Eigentlich fahre ich momentan als absoluter Neuling im Bereich 
Cross-Country, allerdings sind dabei  auch gerne schnelle Abfahrten und kleinere Sprünge immer wieder an der Tagesordnung. 
Nach dem Sturz überlege ich nun, auch wenn ich dann evtl. von anderen belächelt werde eine Protektorenjacke zu kaufen. 

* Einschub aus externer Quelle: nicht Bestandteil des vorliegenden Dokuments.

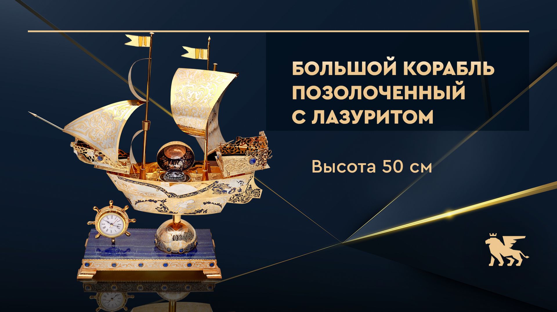 Большой интерьерный корабль с лазуритом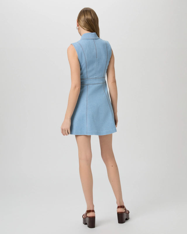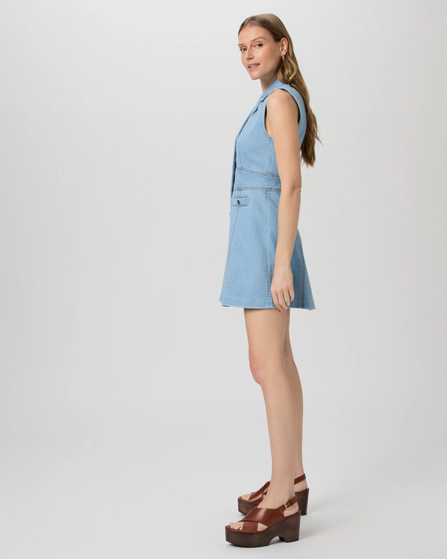 This sleeveless a-line mini dress features a v-neckline, lapel collar, welt pockets, and silver buttons. Crafted from incredibly soft denim in a vintage-inspired light wash, this flattering dress can be dressed down with sneakers or elevated with platform sandals.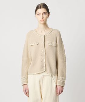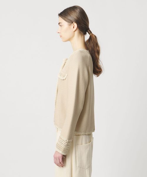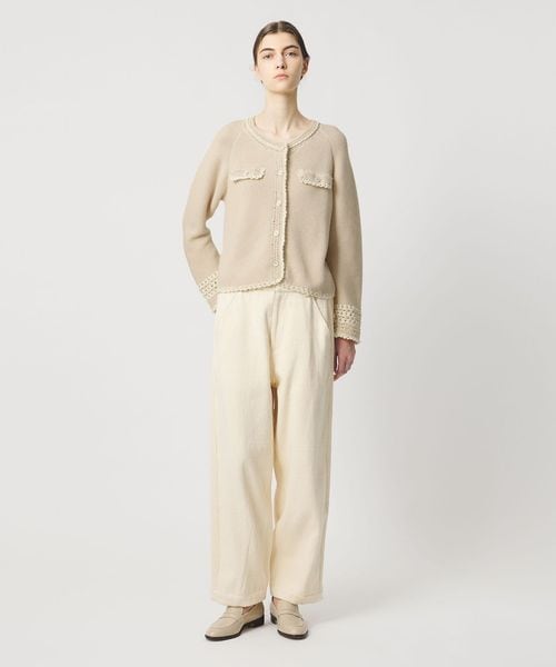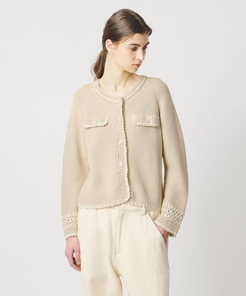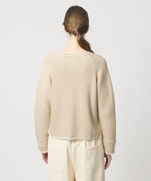 袖口や裾、首回りにハンドクロシェをあしらい、温もりのある表情に仕上げました。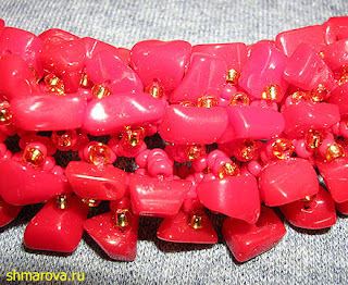 Данный комплект выполнен в технике сетка с одновременным вывязыванием меха с крошкой коралла. В браслете вяжется прямоугольная сетка, а для ожерелья выполняется окат по шее. | ||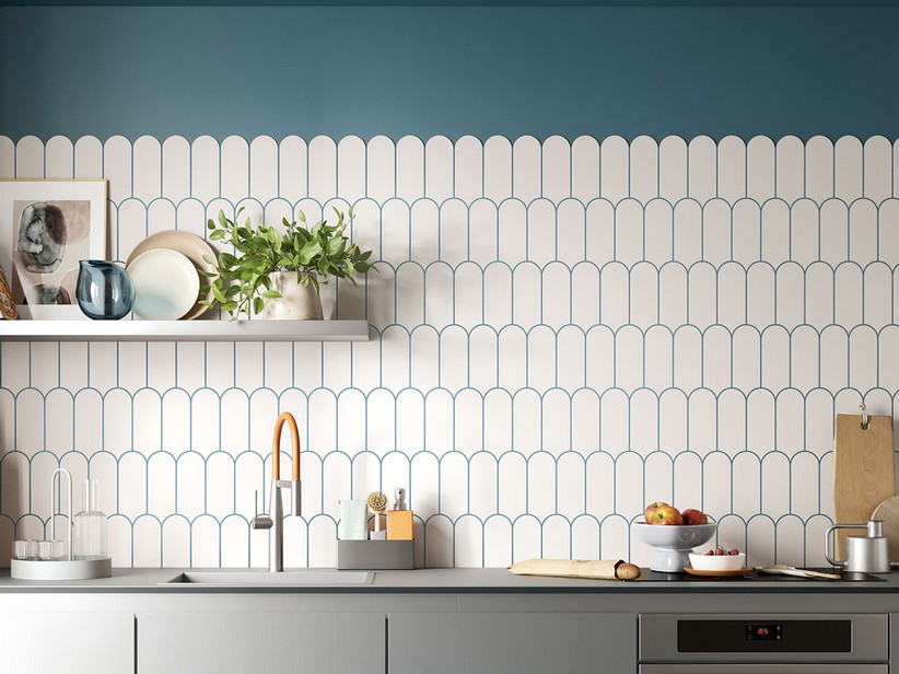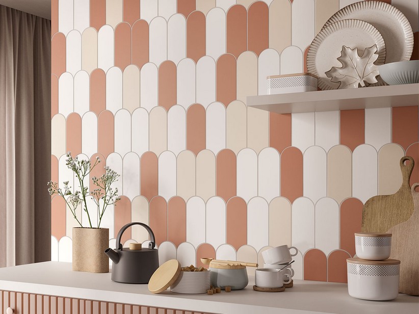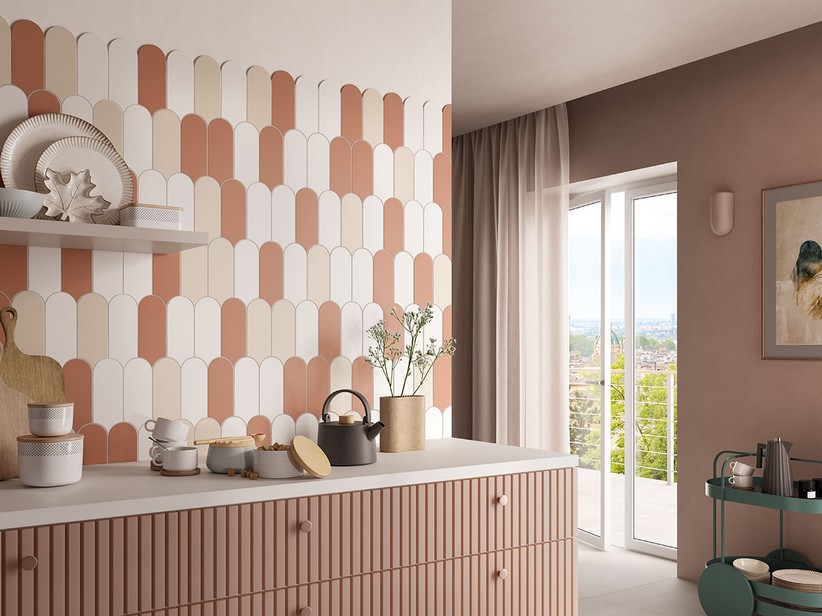 Ce type d’installation met en valeur la variété chromatique et le format distinctif du carrelage, créant des surfaces dynamiques, personnalisées et expressives.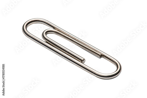 Single silver metal paperclip isolated on black background studio shot office stationery, Png, Isolated on Transparent Background, Cut Out
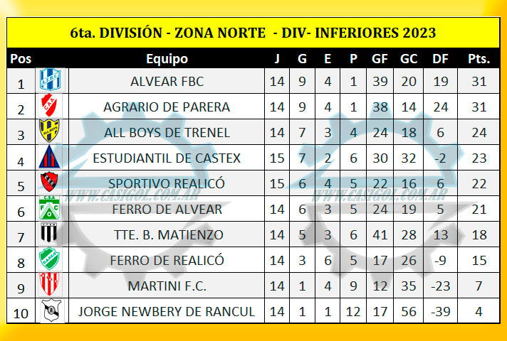 ZONA NORTE SEXTA DIVISIÓN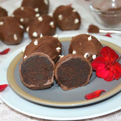 4 яйца, 100 г сахара, 100 г муки, 3 ст. л. какао-порошка. Для крема: 100 г жирных сливок, 100 г темного шоколада, немного сгущенного молока или жирных сливок (по необходимости), 3 ч. л. кокосовой стружки. Для глазури: 100 г белого шоколада, 200 г молочного шоколада, 40-60 мл растительного масла, белый шоколад – для «ростков».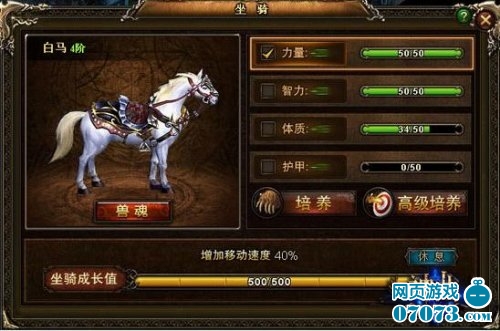 在神曲即将推出的版本中,玩家将拥有众多凶猛拉风的坐骑,它们不止可以提升你的回头率,更可提高角色各项属性,在战斗中发挥一骑当千的作用。玩家等级升至40级时开放坐骑系统,坐骑除了带来拉风的造型,还能大幅提升玩家的移动速度,玩家可以对坐骑进行培养,提升对应的属性经验,还能提坐骑成长值,另外还有神秘的兽魂系统,等着您的体验。
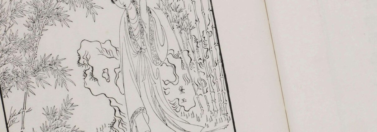 第一册 “黛玉” 一幅图画中之 “玉” 字有长扁之别,原刻本 “玉” 字较扁,翻刻本 “玉” 字较长。伊藤漱平在文章中说,原刻本与翻刻本的区别,除了板框的尺寸与钤印有异之外,画中人物的名字笔划,原刻横长,翻刻纵长,并举 “黛玉” 一幅作为说明。故以扁玉字本为佳。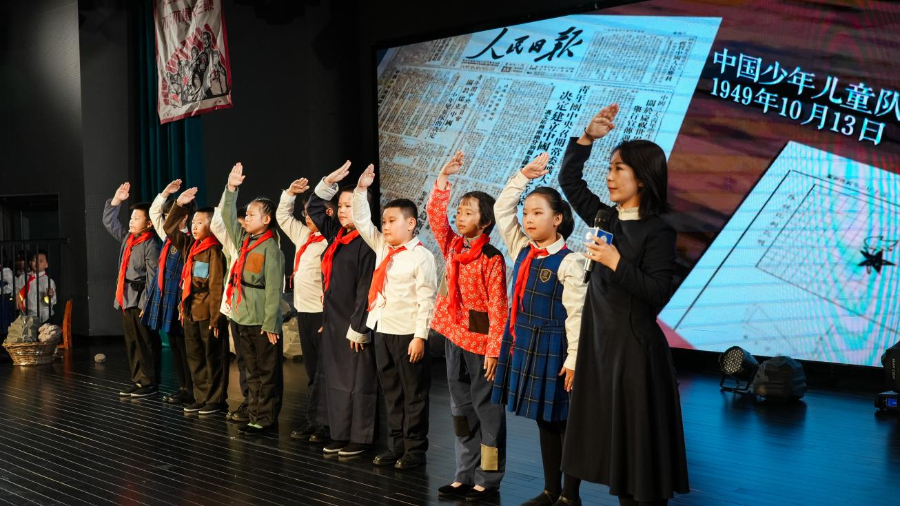 新队员眼神坚定、自信应答,闯过一关又一关,红色的种子在他们心田深深扎根。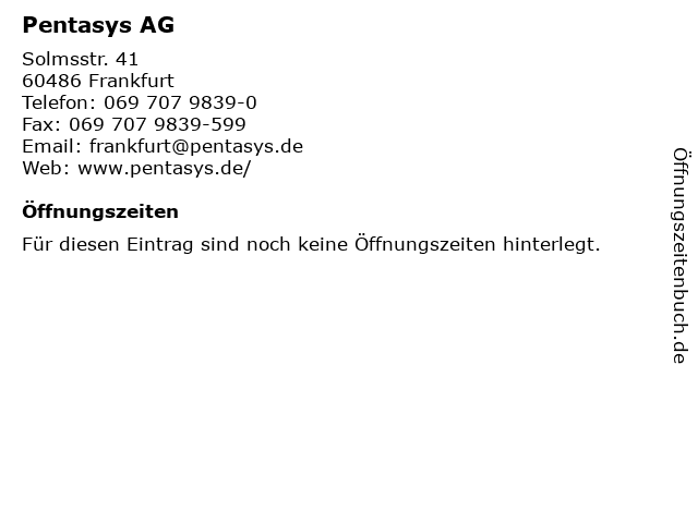 | Öffnungszeiten Pentasys AG in Frankfurt anzeigen | |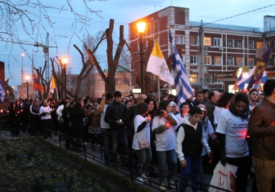 Многочисленный народ в количестве 400 человек со свечами прошли от памятника «Хачкар», расположенного на сквере улицы Октябрьская в центре Саратова до православного храма иконы Божией Матери «Утоли моя печали» и площади имени Н.Г. Чернышевского.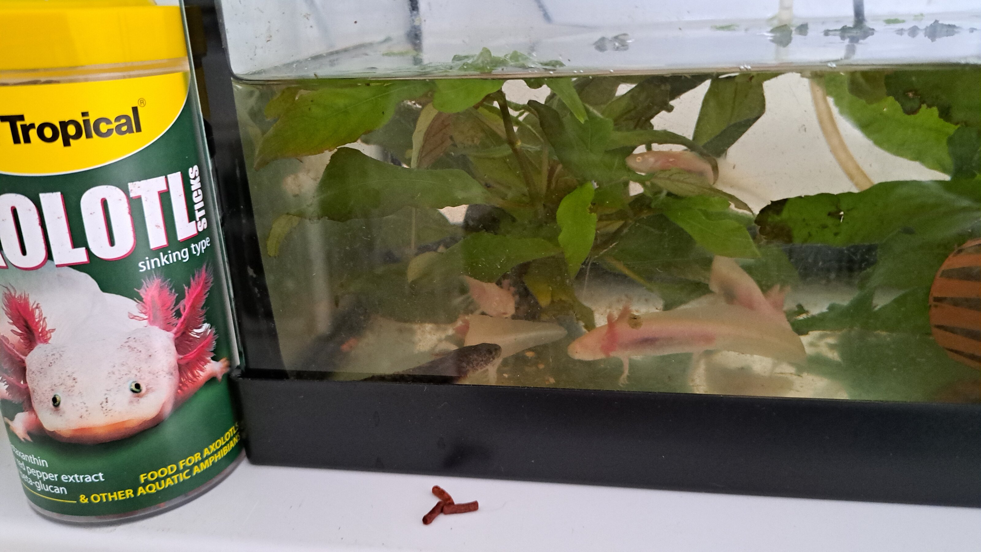Yo utilizo el pienso de ajolotes del que se habla en el siguiente tema: https://www.faunaexotica.net/thread...uirlo-y-si-es-de-fuera-compartir-envio.91009/

Sie sollte allerdings nicht zu sehr auftragen, dabei aber natürlich die wichtigen Körperteile und natürlich die "Rippen" schützen . Vielleicht hat einer von Euch Erfahrungen oder Tipps, welche Jacken/Westen für den Bereich in Frage kommen könnten ? Gibt es evtl. auch "softe" Versionen ?

Vielen Dank und Grüße vom Niederrhein

David


----------



## wurzelsau (31. Oktober 2011)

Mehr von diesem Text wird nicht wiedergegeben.